The Revenue Mobilisation Allocation and Fiscal Commission (RMAFC) has signaled its intention to revise the salaries of Nigeria’s political office holders, arguing that the present pay structure is insufficient, outdated, and fails to reflect their growing responsibilities amid current economic realities.
This was stated during a press briefing in Abuja on Monday.

During a press conference in Abuja on Monday, RMAFC Chairman, Mohammed Shehu, revealed that President Bola Tinubu currently earns ₦1.5 million per month, while ministers receive less than ₦1 million, salaries that have remained the same since 2008.
Shehu said …
“You are paying the President of the Federal Republic of Nigeria N1.5m a month, with a population of over 200 million people. Everybody believes that it is a joke.”
He added …
“You cannot pay a minister less than N1m per month since 2008 and expect him to put in his best without necessarily being involved in some other things. You pay either a CBN governor or the DG ten times more than you pay the President. That is just not right. Or you pay him [the head of an agency] twenty times higher than the Attorney-General of the Federation. That is absolutely not right.”

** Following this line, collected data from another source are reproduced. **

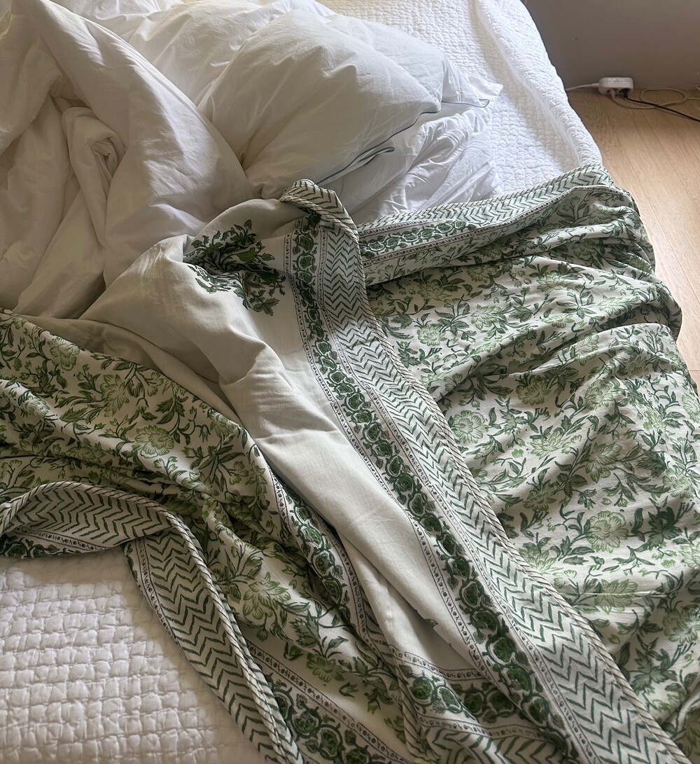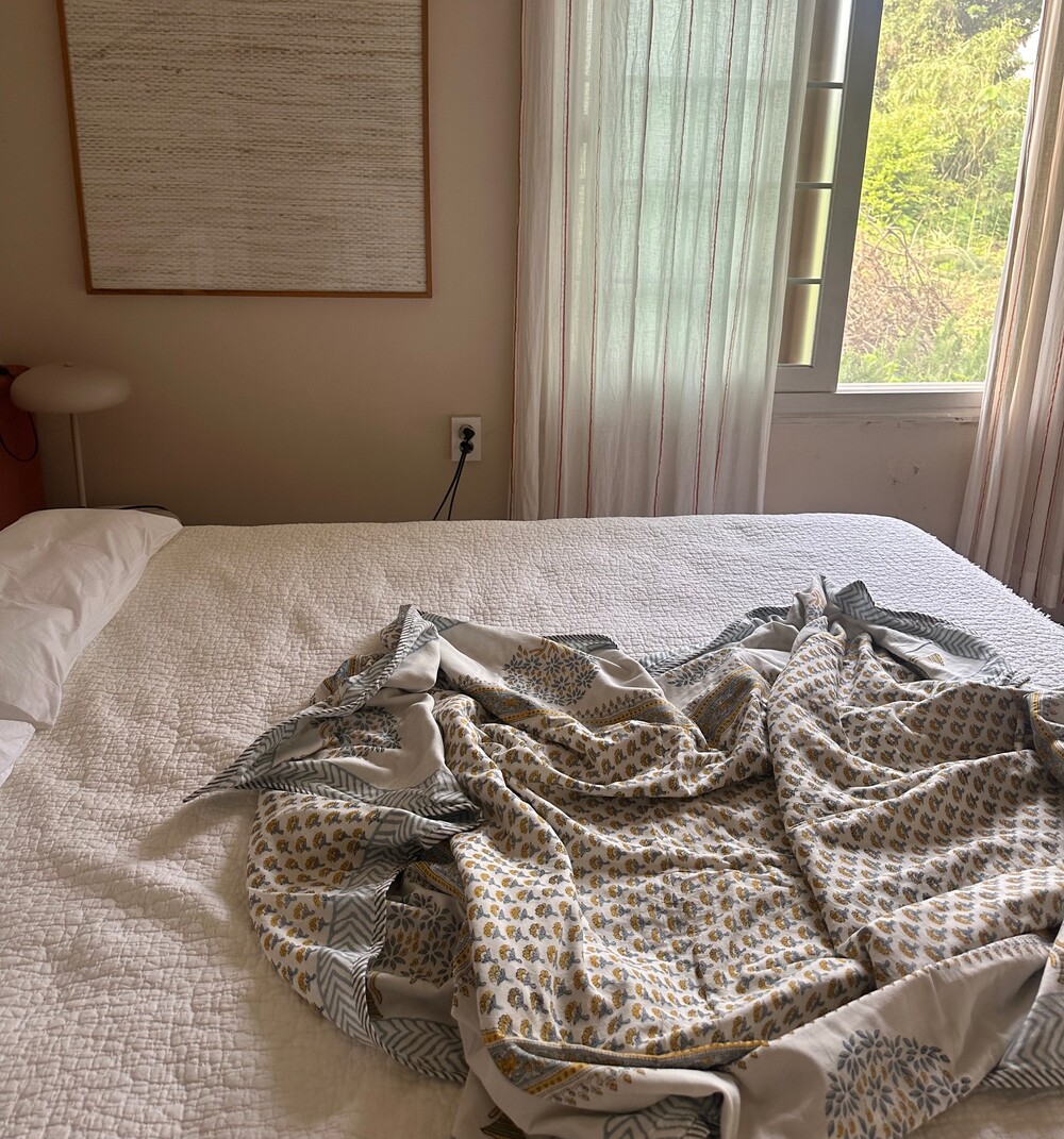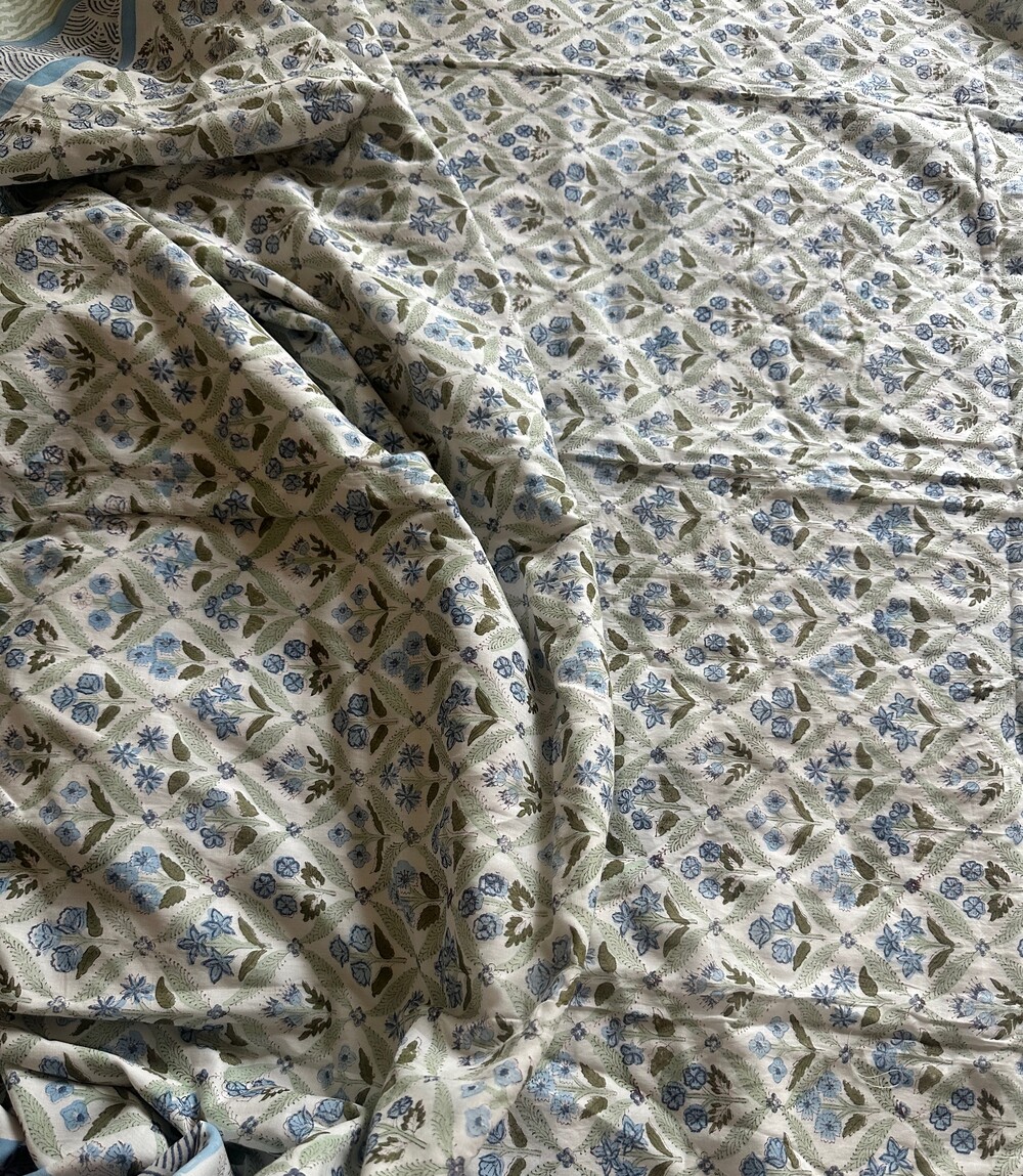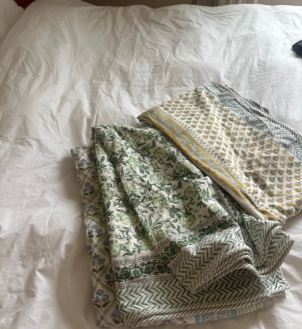 140*228 사이즈의 여름 이불이에요 인도에서는 에어컨이불이라고해요,습한여름의 청량감을 책임져줄 이불이에요 목화섬을 패드로 얇게 만들어 제작됩니다.초경량 이불이라고 생각하심되요 양면 사이에 아주 얇은 목화솜 시트가 들어가있어서 무게감이 일만큼 생기는 이불이에요, 오주뒤에 인도에서 발송됩니다,
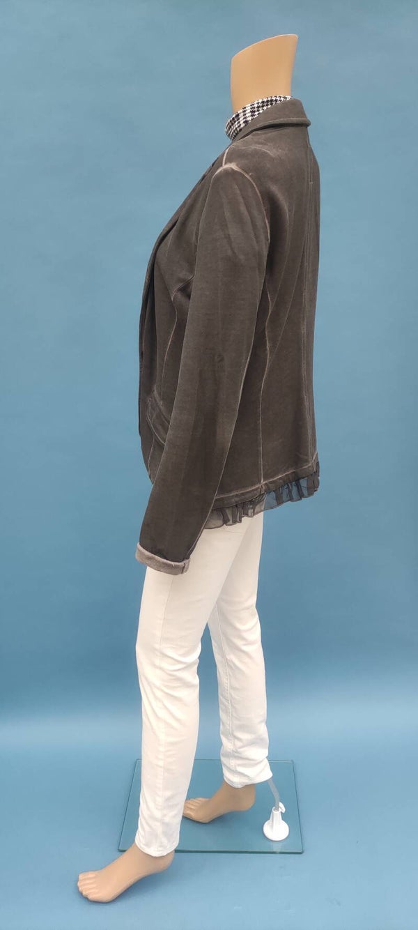 Style: 1 Knopf vorne, Blusenstoff am Saum, 2 Vordertaschen
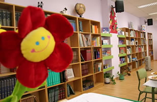 Nos recreos xa está disponible diariamente para todo o alumnado; tres compañeiras do Equipo da Biblioteca encárganse de atender e orientar aos nenos e nenas que acuden a ela. A afluencia está sendo moi alta. Nestas primeiras semanas, lóxicamente, temos que insistir un pouco na normativa de uso dos diferentes espacios, na colocación correcta dos libros, na moderación do ton de voz....
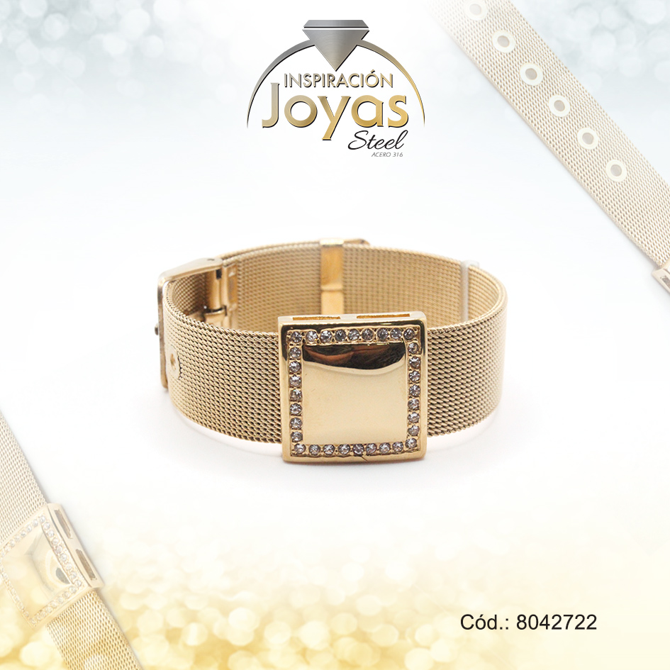 Pulsera de Acero Aleación Malla Dorado Cuadrado Medida 22 cm – 8042722
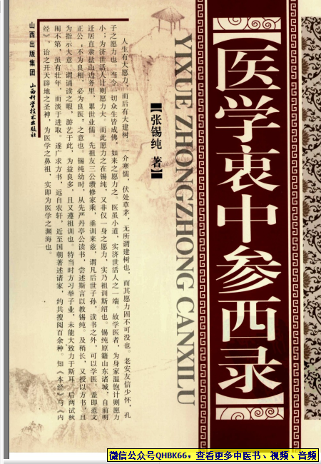 医学衷中参西录(高清版)本站专注中医资源,涵盖视频,音频,电子文档等等等……关注微信公众号【QHBK66】,回复对应编码,获网盘下载地址。 更多中医视频,音频,电子书等《中医超级资源库》目录,查看网址:https://qr09.cn/FDjI4p
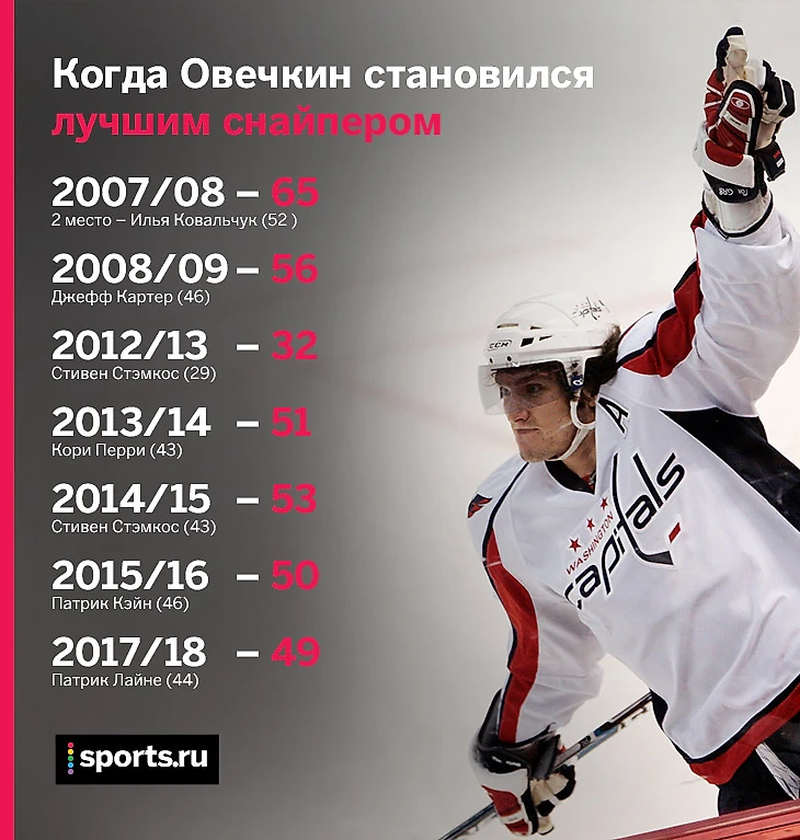 Помимо Овечкина, только Бобби Халл семь раз становился лучшим снайпером сезона в НХЛ. С того момента, как в лиге появился трофей «Морис Ришар», никто не выигрывал его больше двух раз. Кроме Овечкина.
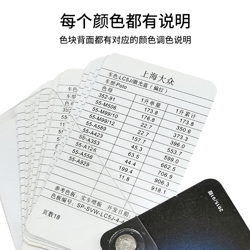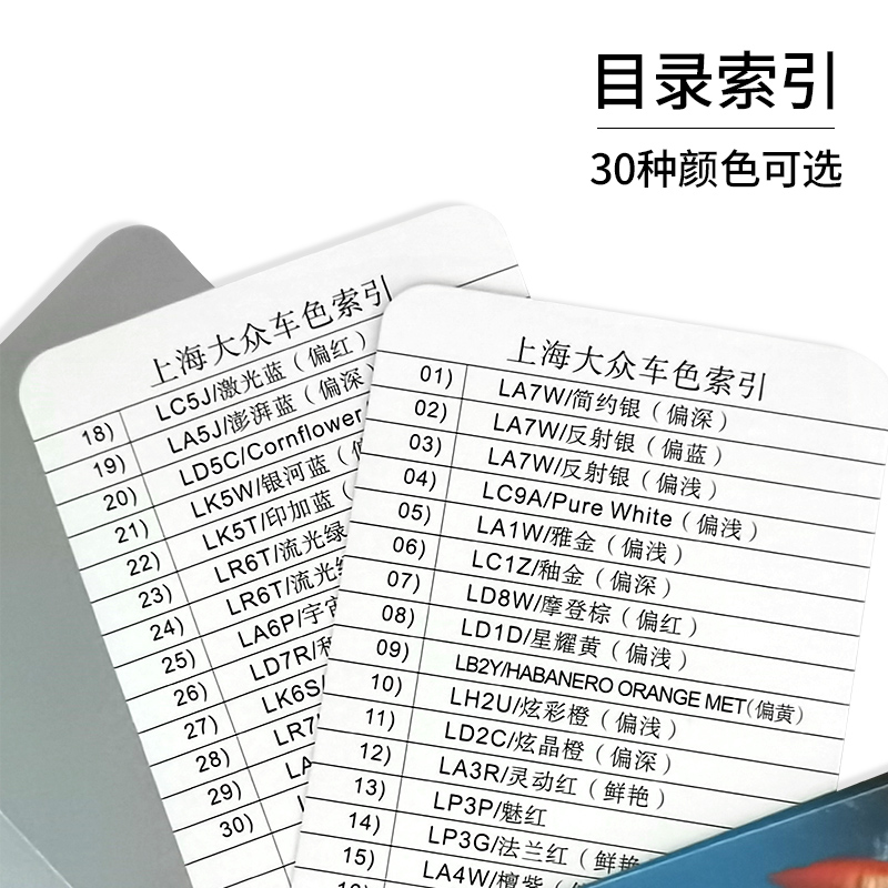 上海大众汽车油漆色卡样本30色调色母烤漆喷漆色板卡金属银涂料调漆配方比例单页色块颜色彩单张比色国际标准
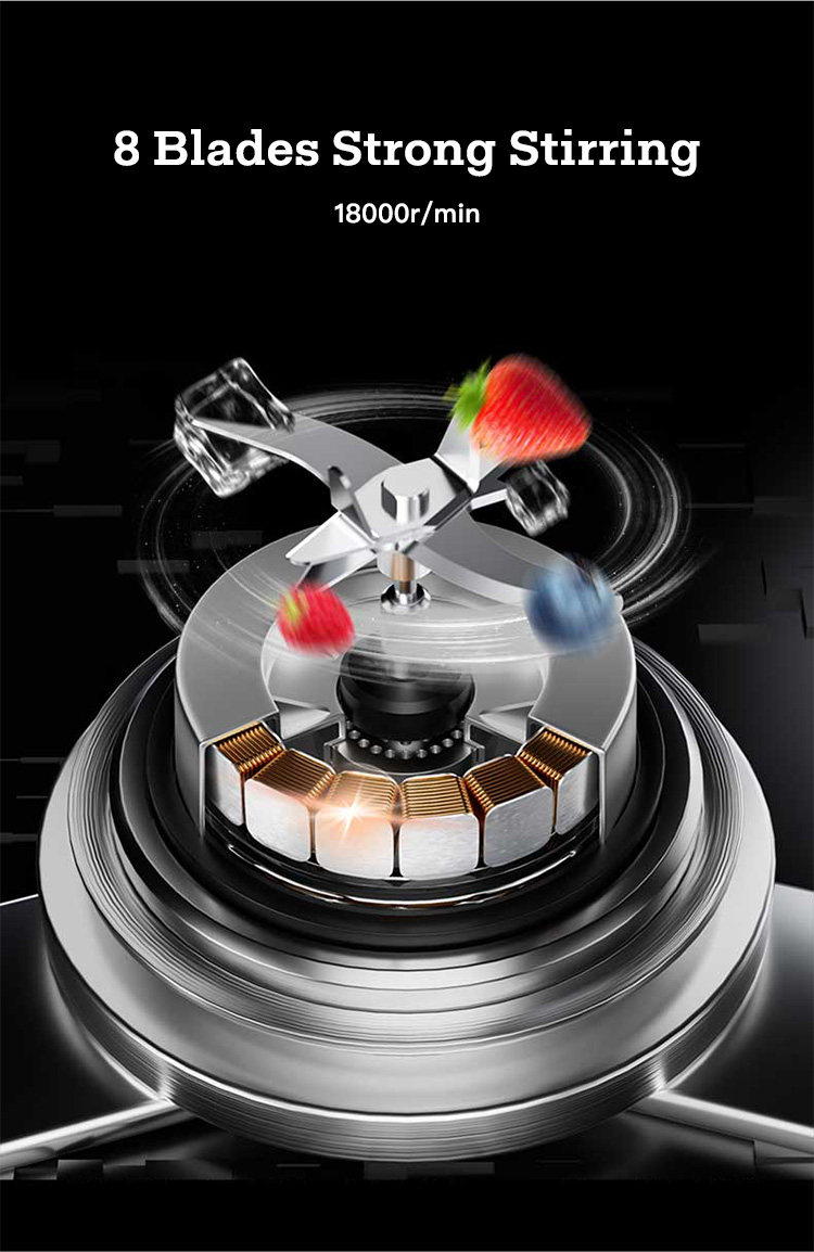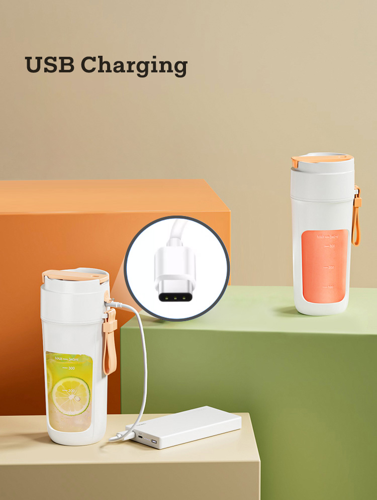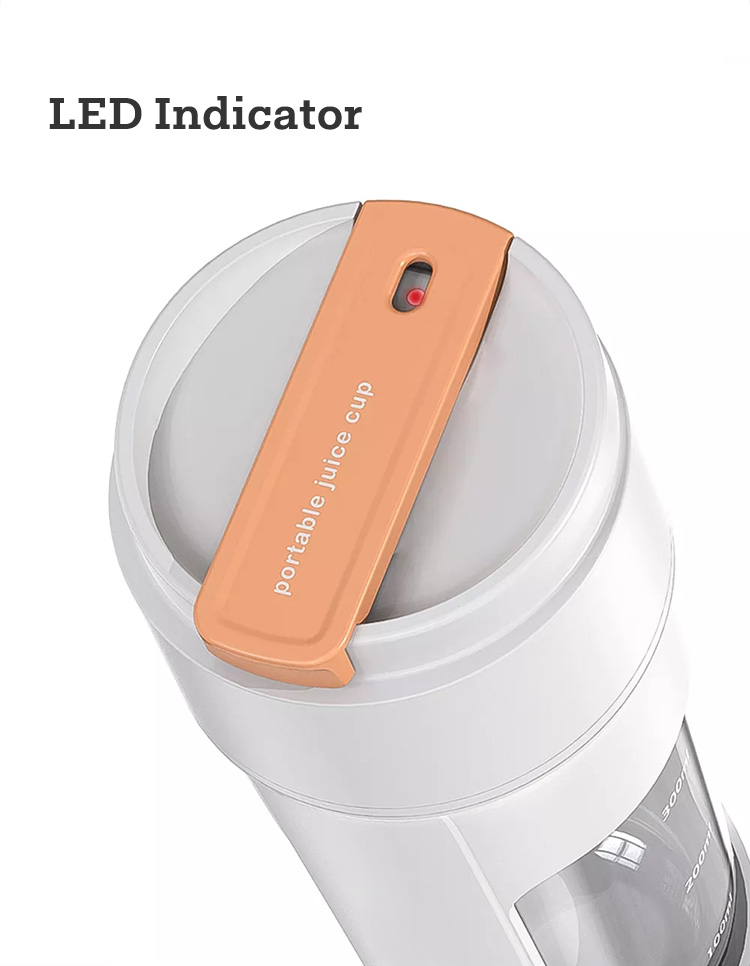 This portable blender for shakes and smoothies has a built-in safety function to prevent the blade from rotating when the tank is not connected to the base or is not tightened(The indicator light will flash red).You will get: 1x portable blender, 1x USB charging cable, 1x user manual. If you find that the juice is not as delicate as you want after 30 seconds, you can repeat the breaking step.

However, the Nigeria Labour Congress (NLC) rejected the RMAFC’s proposal to increase the salaries of political office holders, arguing that such a move overlooks the country’s deepening inequality and the numerous hidden allowances that already boost government officials’ earnings.
At the Abuja press briefing, the RMAFC chairman clarified that the commission does not determine the minimum wage for civil servants or other public sector employees, but is constitutionally empowered to set the remuneration for political, judicial, and legislative office holders.
He said …
“We are strictly restricted to political office holders, governors, senators, legislators, ministers, DGs, and other people.”
Shehu further emphasized that, despite widespread public opposition to salary increases for politicians, it was necessary to ensure that their remuneration remained realistic and commensurate with the weight of their responsibilities.
“It’s about time that people like you and others should support the commission to come up with reasonable living salaries for ministers, DGs, and the President,” he explained.
Shehu also revealed that the RMAFC had initiated a long-overdue review of Nigeria’s vertical revenue-sharing formula, which dictates how federally generated revenues are distributed among the federal, state, and local governments. The existing arrangement, unchanged since 1992, allocates 52.68 per cent to the Federal Government, 26.72 per cent to the states, and 20.60 per cent to local governments.
In addition, 4.18 per cent is set aside for special funds: 1 per cent each for the Federal Capital Territory and the ecological fund, 1.68 per cent for the natural resources development fund, and 0.5 per cent for stabilisation.
“In line with this constitutional responsibility and in response to the evolving socio-economic, political and fiscal realities of our nation, the Commission has resolved to initiate the process of reviewing the revenue allocation formula to reflect emerging socio-economic realities,” Shehu told reporters.
He explained that recent constitutional amendments had increased the fiscal responsibilities of state governments.
“The situation has made it essential to re-evaluate the structure of fiscal federalism in order to foster economic growth in individual states, enabling them to become independent from the central government and ensuring equity, responsiveness, and sustainability,” he said.
Shehu noted that earlier attempts to revise the formula had failed. He pointed out that in 2022, under former Chairman Elias Mbam, the Commission submitted a report recommending 45.17 per cent for the Federal Government, 29.79 per cent for states, and 21.04 per cent for local governments.
However, the Muhammadu Buhari administration did not implement the recommendation. The revenue-sharing formula, which has been a contentious issue in Nigeria since before independence in 1960, defines the allocation of federally generated resources among the different tiers of government.
It also outlines the share of resources that must remain in the territories where they are generated, as well as the portion allocated to government agencies responsible for collecting revenues on behalf of the federation.
The existing revenue-sharing formula was introduced during the administration of former President Olusegun Obasanjo. Since then, there have been persistent calls and efforts to revise it to achieve a fairer distribution of national revenue.
In 2013, RMAFC conducted a nationwide consultation across the 36 states, engaging with key stakeholders in preparation for a review of the formula.
Findings revealed that political considerations, coupled with the implications of the Federal Government potentially losing its dominant share of the federation account, have been the main reasons for the prolonged delay in implementing a new revenue formula.